Is there any way for me to aggregate / compute PPC statistics in Stan prior to loading the results into memory in R ? For context, I’m (by far) most interested in performing PPCs for the approximate posterior of the per-gene amplitude parameter \hat{\tau}_g; at this point I’m much less concerned with the posteriors for the basis function coefficients or the intercepts.

Thanks,
Jack

Right, I forgot your N is so big.

Yes, you can compute the test statistics for each posterior draw in generated quantities, and then instead of SxN (where S is the number of posterior draws) you would return SxT (where T is the number of test statistics). We have recently recommended visualization and probability integral transformation (PIT) checks, but they would require SxN memory.
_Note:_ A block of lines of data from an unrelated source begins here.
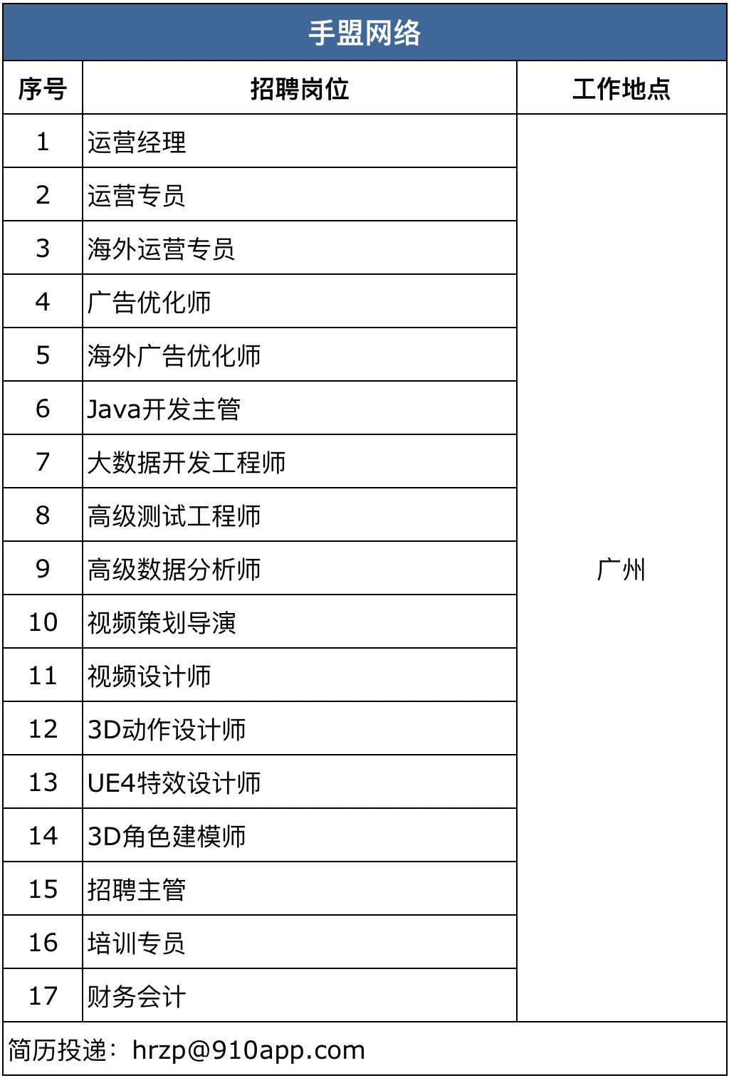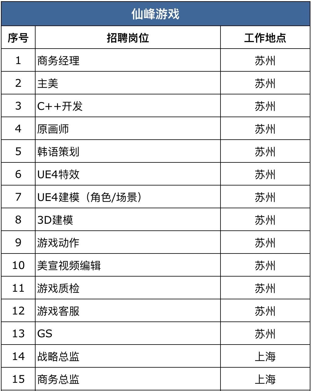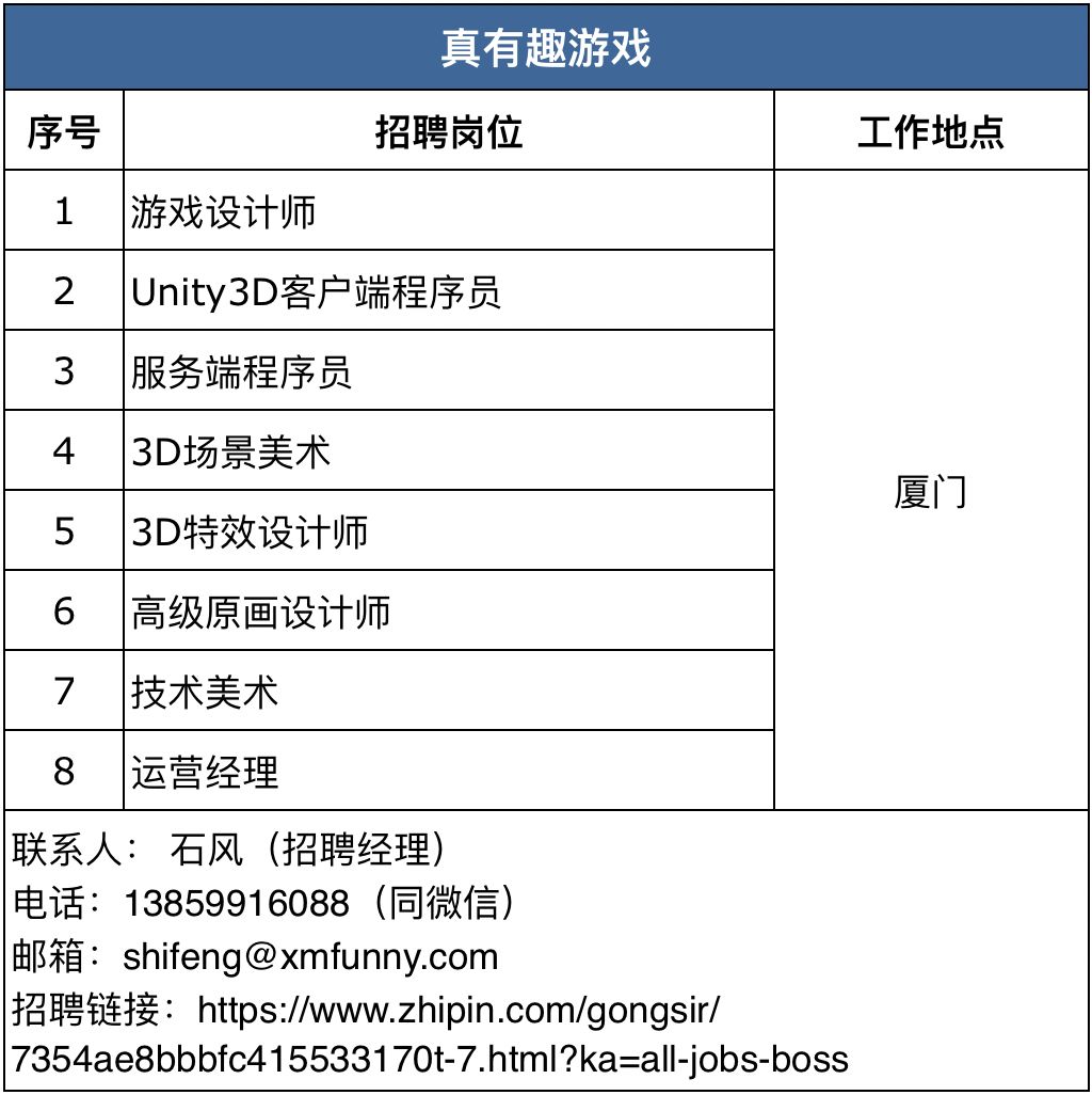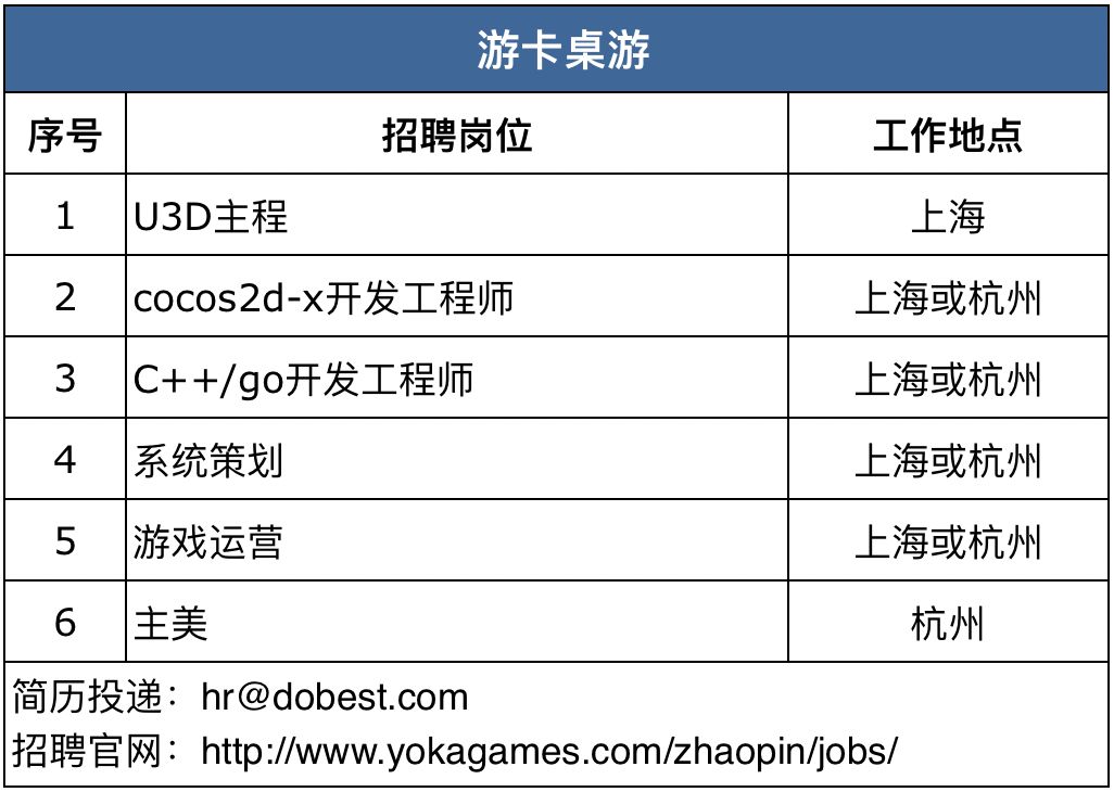 随着大众逐渐回归工作,许多公司的招聘工作逐步展开。近期,游戏陀螺进行收集和调查,截止到2月17日下午15:00共收到42家游戏公司超850个岗位需求(含2月15日微信文章发出去后收集到7家厂商需求),其中工作地在北京、上海、广州、深圳的公司分别有7家、8家、15家和9家,还有武汉5家、杭州3家,以及厦门和成都各2家,福州、长沙、苏州、天津和珠海各1家。(有公司提供多个工作地,有重复计算)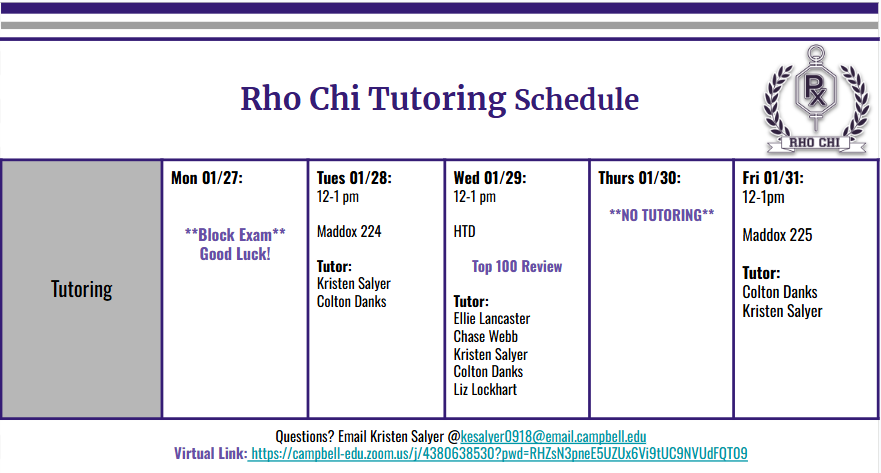 [Phar28] Rho Chi Tutoring 01/27-01/31
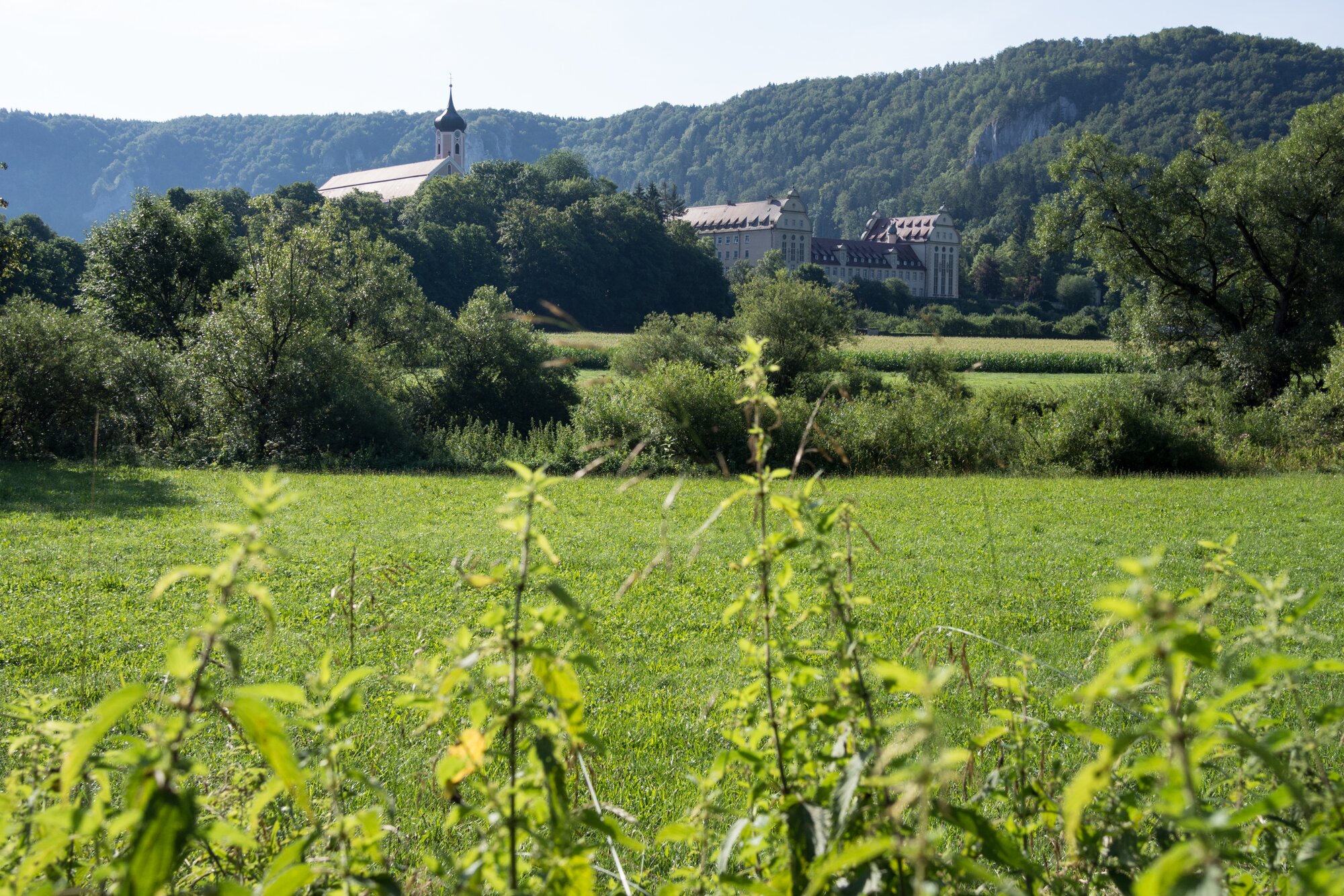 Kloster Beuron vom Donauradweg aus Wanderung im Oberen Donautal: Route: Start am Kloster Beuron - Knopfmacherfels - Jägerhaus (im Donautal) - Ziegelhütte (im Donautal) - Leibfelsen - Stiegelesfelsen - Knopfmacherfels - Kloster Beuron

The downside of scalar test statistics is that you need to be careful to select one that is as ancillary as possible, so you need to think about what statistic is not one-to-one mapped to one of the model parameters, tells you something useful about the data distribution, and is fast to compute for N replicates.

PPC refers to posterior predictive checking, and is used to examine how well the posterior predictive distribution matches the data. It’s not directly assessing how good the approximate posterior is compared to the true posterior.

It seems using posterior SBC with VI or comparing to MCMC results, would be the best choices for you even they are computationally costly.

Ah OK, thank you for correcting my interpretation of what a PPC is. I’ll do some thinking about what scalar statistic(s) might be worth implementing as well as looking more into posterior SBC (I found the preprint you put out on it earlier this year & am reading through it now).